Unit Test Coverage
Purpose
Unit Test Coverage shows a percentage of a source code covered by unit tests. It is a mix of Line coverage and Condition coverage. The metric can be also calculated for a new code only.
How metric helps
Unit Test Coverage may be a guide for indicating a lack of coverage via Automated Testing - just because Unit Testing is the essential part of the Testing Pyramid. A trend helps to understand how a coverage is changing over time, if it is actually growing or falling and how those trends correlate with plans/investments about appropriate development efforts related to Unit Tests.
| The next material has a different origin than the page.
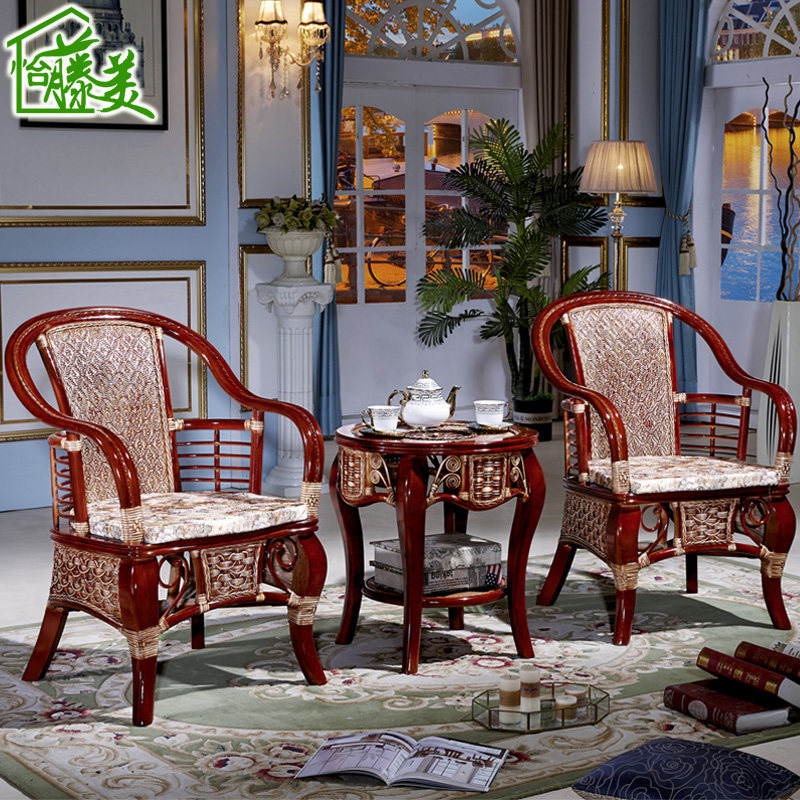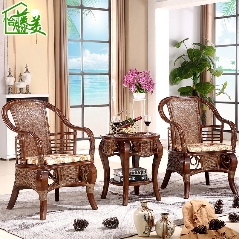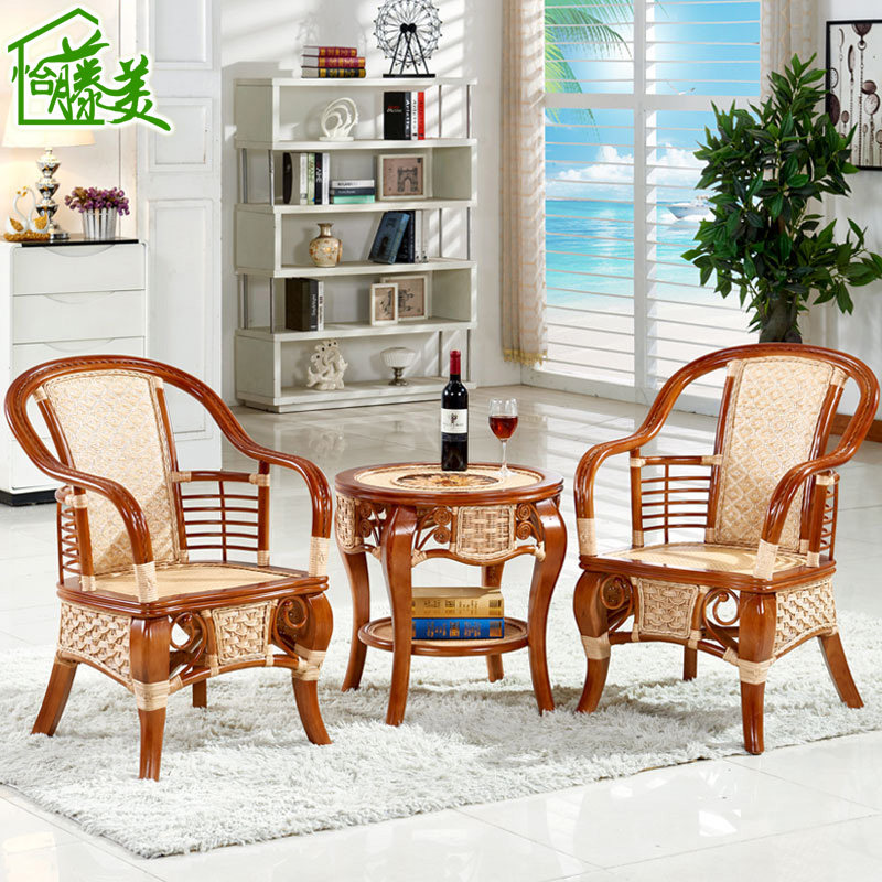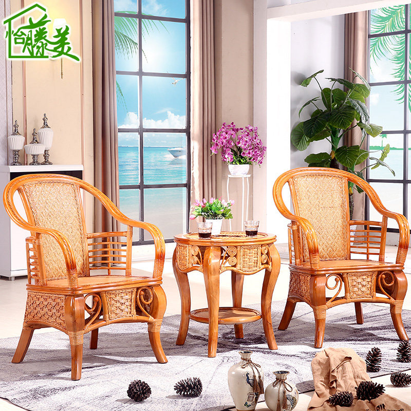 Living room solid wood real rattan chair coffee table three-piece set rattan rattan weaving guest leisure courtyard Yangtai table and chair combination

Lack of coverage is typically a key obstacle for implementing the Continuous Integration and Continuous Delivery (CI/CD) on a project.
Metric:
shows a percentage of a source code covered by unit tests;
shows quality of application;
shows quality of testing;
shows how the project is ready for implementation of CI/CD;
shows if the projects meets the industry quality standards;
highlights the risk of bugs being detected at a later stage of development;
helps to understand how much of your source is tested;
shows the quality of test suite.
TOP-5 problems metric identifies
Too many defects are found during manual and / or automated testing
How metric works
Chart overview
Chart shows Unit Tests Coverage in %:
Calculation
Unit Test Coverage = (CT + CF + LC) / (2*B + EL),
where
CT = conditions that have been evaluated to 'true' at least once
CF = conditions that have been evaluated to 'false' at least once
LC = covered lines = lines_to_cover - uncovered_lines
B = total number of conditions
EL = total number of executable lines (lines_to_cover)
RAG thresholds: Red <= 40%, Amber > 40%, Green > 80 %.
Data source
Data for the metric can be collected from Sonar.